Problem description →
No pictures go into the copy. Write out exactly the lines below from the one containing "on Public Administration" through the one containing "This sweet butterfly".

**** Given information

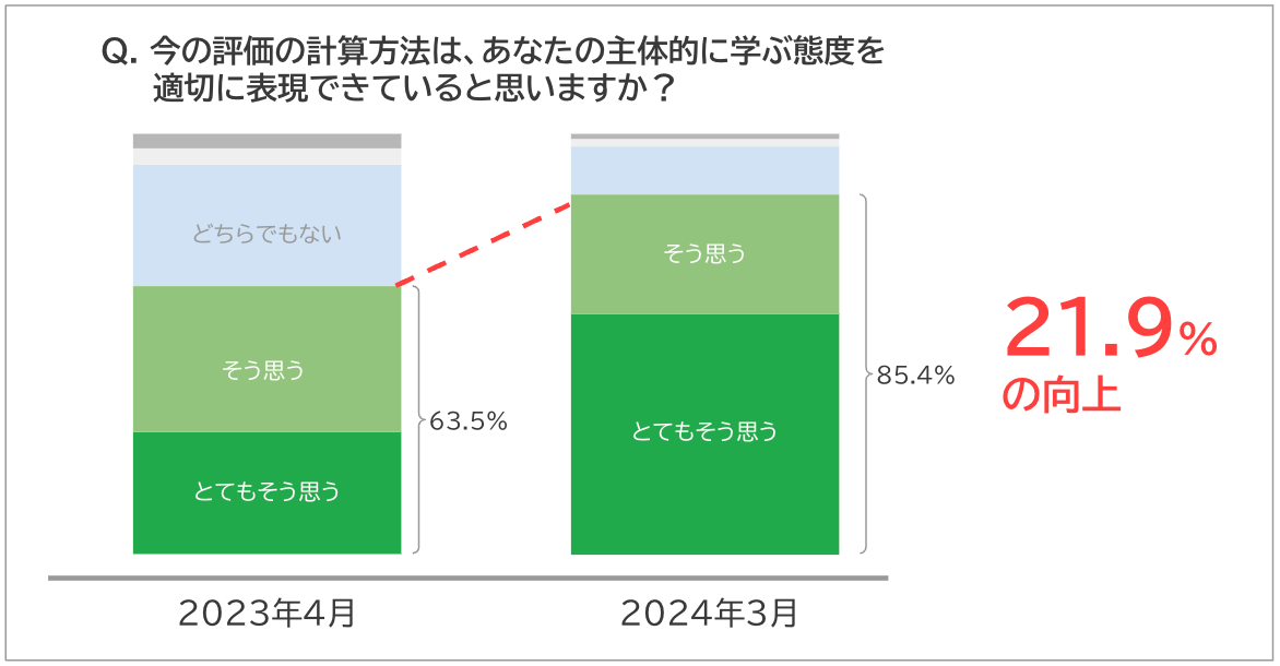 「今の評価の計算方法は、あなたの主体的に学ぶ態度を適切に表現できていると思いますか?」という質問に対して、「とてもそう思う」もしくは「そう思う」と肯定的な回答をした生徒の割合は、1学期末には63.5%だったところ、学年末には85.4%と上昇。そのうち、「とてもそう思う」と回答した生徒は、1学期末には28.9%でしたが、学期末には57.1%と大きく増加しました。
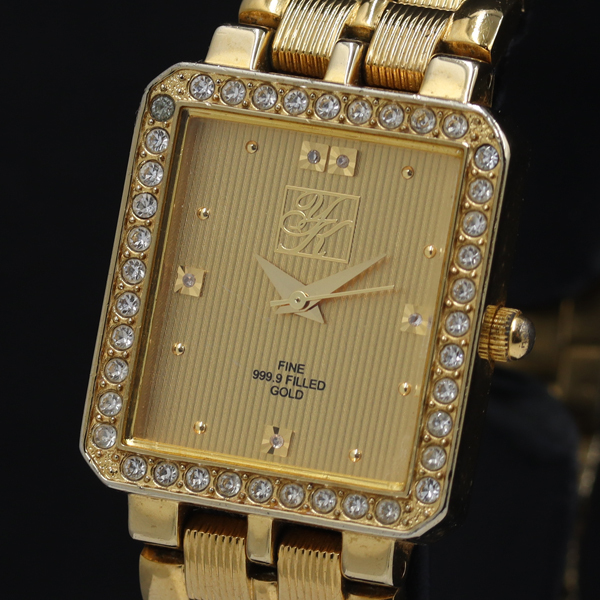 - 稼働 キミジマユキコ ストーンベゼル スクエア YK-328G FINEGOLD999.9 QZ ゴールド文字盤 メンズ/レディース腕時計 TKD 2000000 NSK
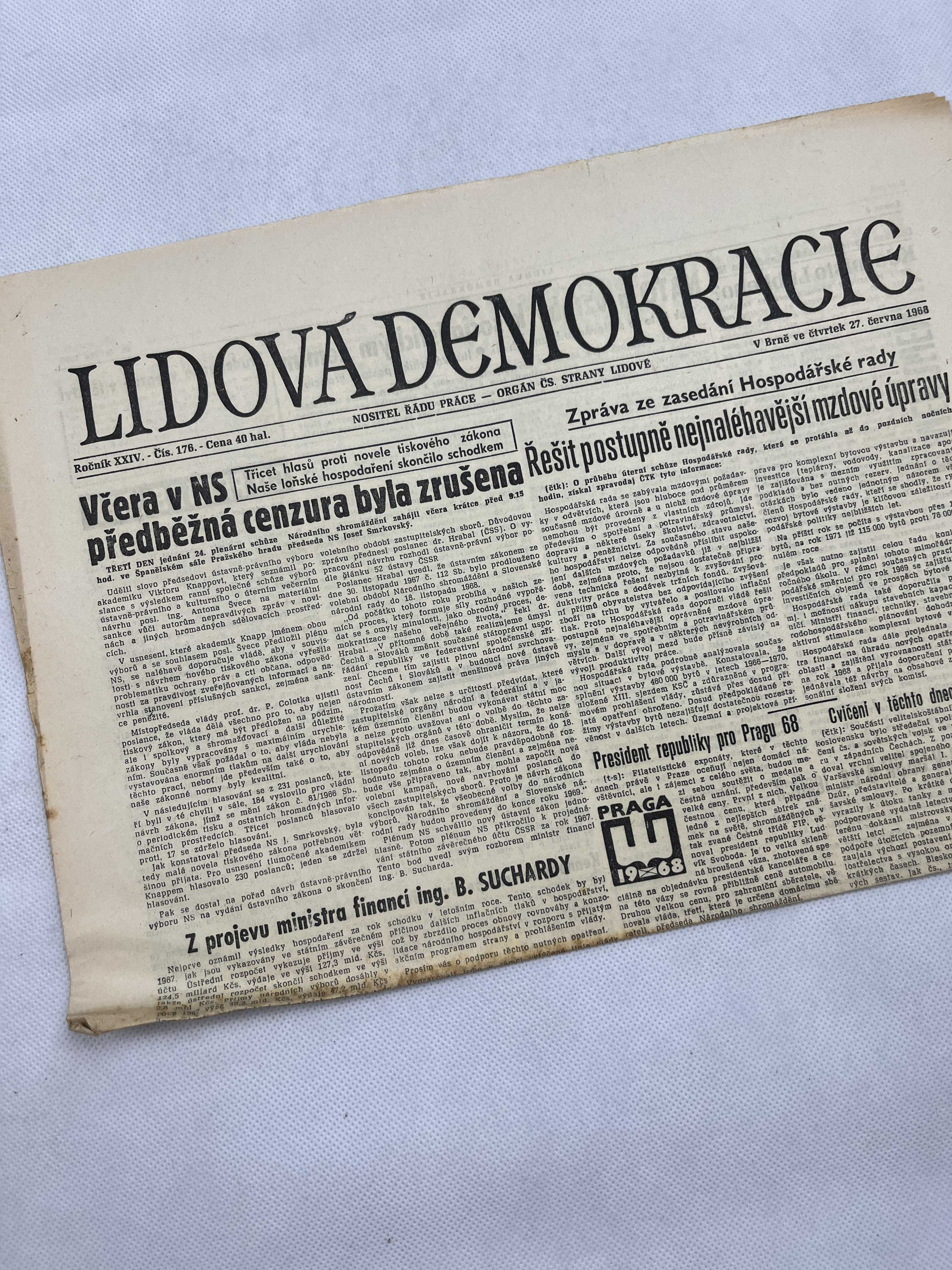 Noviny lidová demokracie 27.6.1968
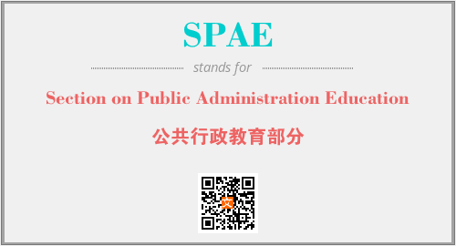 上述内容是“Section on Public Administration Education”作为“SPAE”的缩写,解释为“公共行政教育部分”时的信息,以及英文缩略词SPAE所代表的英文单词,其对应的中文拼音、详细解释以及在英文中的流行度和相关分类、应用领域及应用示例等。
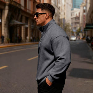 亚马逊秋冬新款男装加绒卫衣跨境欧美潮流半拉链长袖立领男士上衣
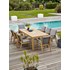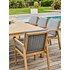 Ensemble repas de jardin SULLANA 8 places certifié FSC® 100% en bois d'acacia composé d'une table avec pose-plat en granit naturel et de 8 fauteuils avec une structure en bois et d'accoudoirs et dossier en cordage gris anthracite.
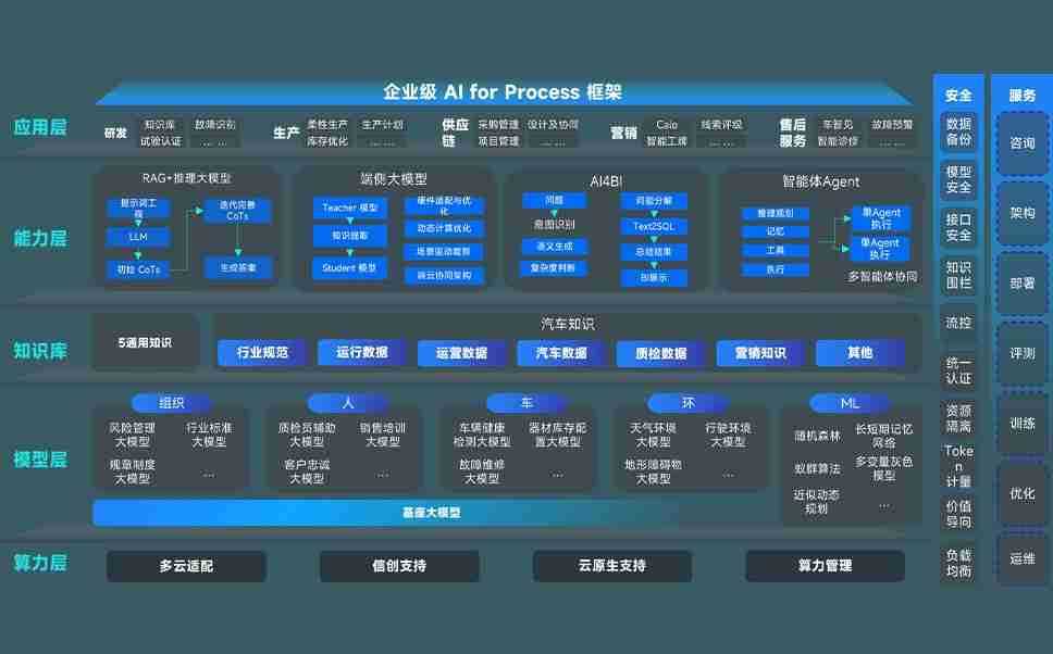 端到端的一站式AI工作空间深度融合了从企业战略规划到日常经营的全流程业务板块,,定向解决车企内部领域多、、部门多、、、链条长、、、场景碎片化等难题,,支持车企快速构建以AI为核心的生产力写作体系,,,实现任务执行与AI能力的无缝集成与交互
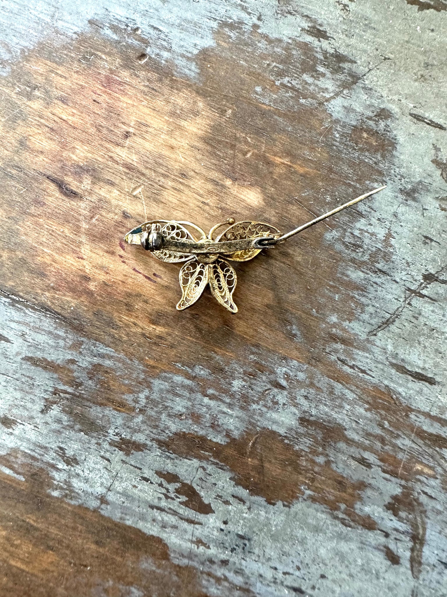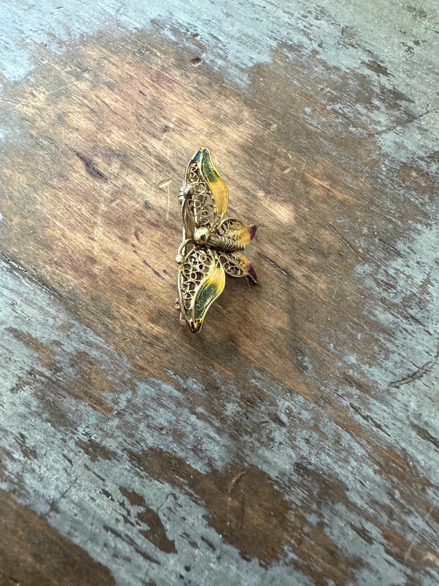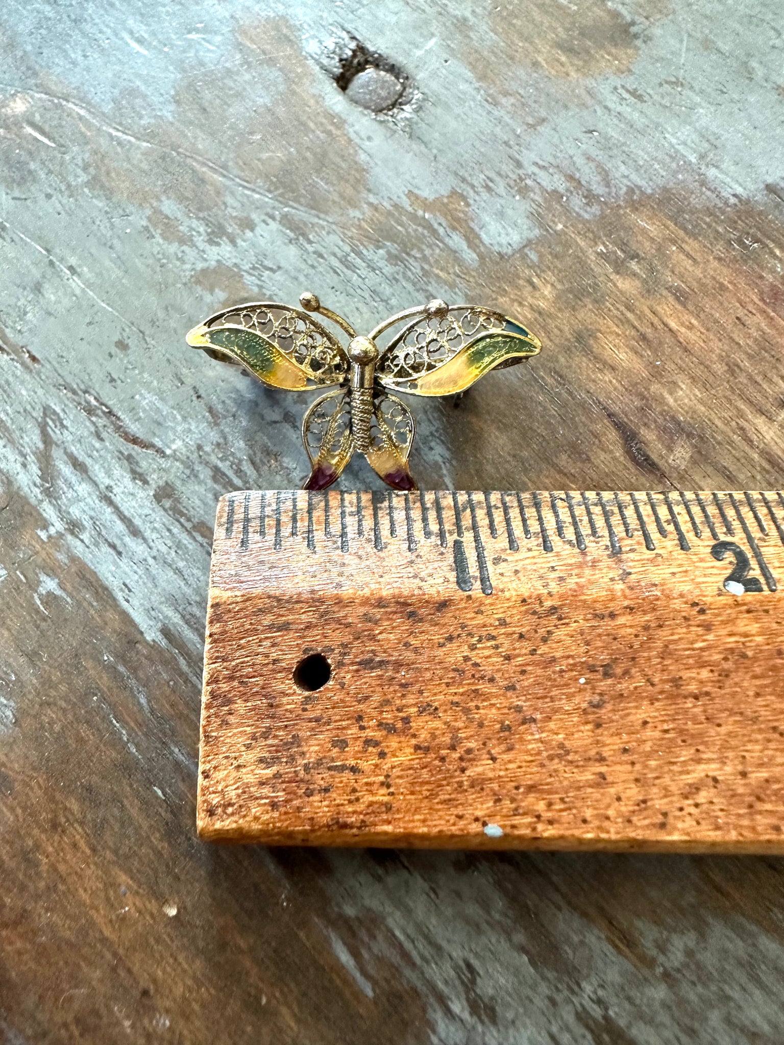 This sweet butterfly pin is also 800 Silver Vermeil Filigree with yellow and green enamel and purple lower wing tips. The tiny body is also coiled wire wrapped for extra detail. The bead head and antennae are also lovely details! Also hallmarked 800 and with a makers mark. This little guy measures 1 3/8” across the top of the wings by 3/4”.
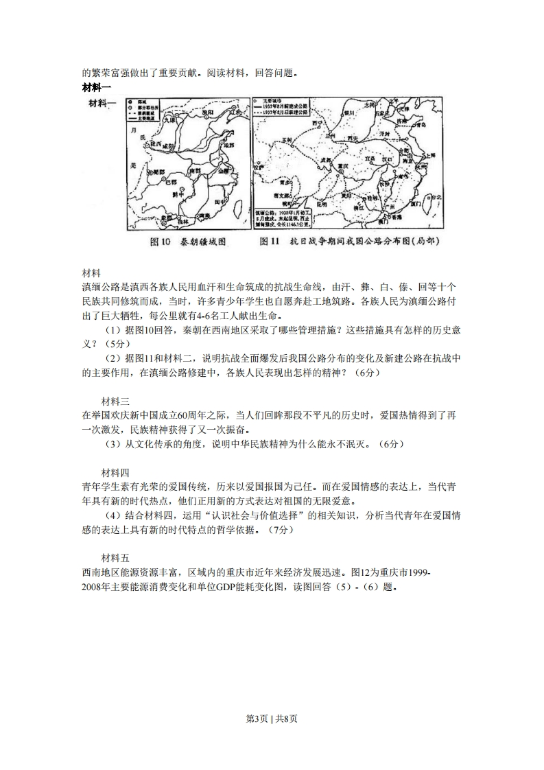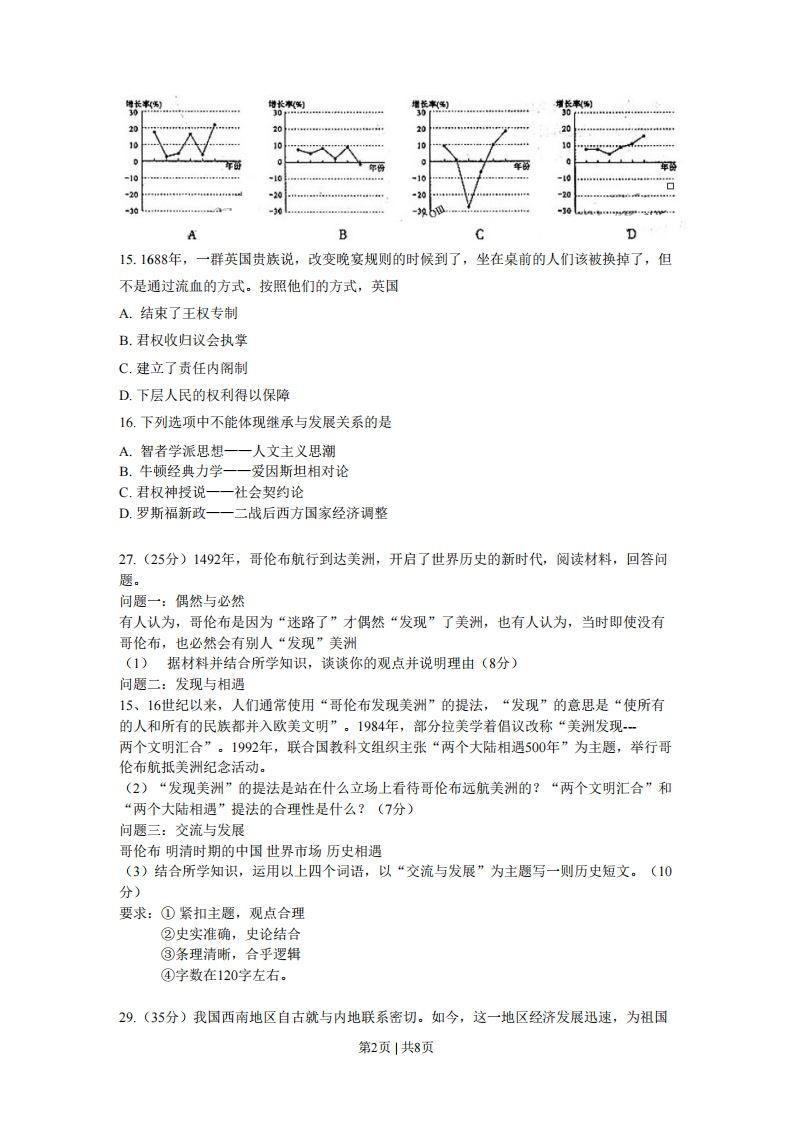 【2010年山东卷】9.“视人之国,若视其国:视人之家,若视其家:视人之身,若视其身。”这一主张属于A儒家“仁爱”思想B.墨家“兼爱”思想C.儒家“礼治”思想D.墨家“非攻”思想10.宋朝形成了“中书主民,枢密院主兵,三司主财,各不相知”的局面。这反映出A.宰相职权范围扩大B.专制皇权达到顶峰C.君权对相权的制约D.中央对地方控制加强11.图5为一位同学的课堂笔记,记录了对某一历史事件的不同评价。据此,推断他学习的内容是:A.太平天国运动B.义和团运动C.辛亥革命D.北伐战争基有创千中国边作你理由:0打击辽外风侵略格如本国扫滨统治且接出的试些思想县有边代化的因素斗阻糊了中边代化定由:以破坯了中国派先进省伤的生字力且提出的一些攻策吴历义的倒滨图512.清末民初山西有一首歌谣:破戏台,烂秀才,小足扳子洋烟袋:火车站,德律风(指电话),大足板子毕业生。这反映出当地口1、传统习俗受到冲击2、文化教育日渐衰落3、生活方式发生变化4、思想观念有了改变A.0B.▣C.aD.①③④13.1938年10月,毛泽东在中共中央六届六中全会上所作的政治报告中指出:没有抽象的马克思主义,只有具体的马克思主义。他在这里强调的是A.少谈些抽象的主义,多研究具体的问题B.马克思主义必须与中国革命的具体实践相结合C.必须研究马克思主义产生的具体历史条件D.马克思主义的立场和方法比基本原理更重要14.下列曲线图反映了我国1953~1958、1959~1964、1970~1975、1979~1984年四个时期国内生产总值(GDP)增长率的变化。其中与1959~1964年相对应的是第1页|共8页

********

Solved problem →
 上述内容是“Section on Public Administration Education”作为“SPAE”的缩写,解释为“公共行政教育部分”时的信息,以及英文缩略词SPAE所代表的英文单词,其对应的中文拼音、详细解释以及在英文中的流行度和相关分类、应用领域及应用示例等。
 亚马逊秋冬新款男装加绒卫衣跨境欧美潮流半拉链长袖立领男士上衣
 Ensemble repas de jardin SULLANA 8 places certifié FSC® 100% en bois d'acacia composé d'une table avec pose-plat en granit naturel et de 8 fauteuils avec une structure en bois et d'accoudoirs et dossier en cordage gris anthracite.
 端到端的一站式AI工作空间深度融合了从企业战略规划到日常经营的全流程业务板块,,定向解决车企内部领域多、、部门多、、、链条长、、、场景碎片化等难题,,支持车企快速构建以AI为核心的生产力写作体系,,,实现任务执行与AI能力的无缝集成与交互
 This sweet butterfly pin is also 800 Silver Vermeil Filigree with yellow and green enamel and purple lower wing tips. The tiny body is also coiled wire wrapped for extra detail. The bead head and antennae are also lovely details! Also hallmarked 800 and with a makers mark. This little guy measures 1 3/8” across the top of the wings by 3/4”.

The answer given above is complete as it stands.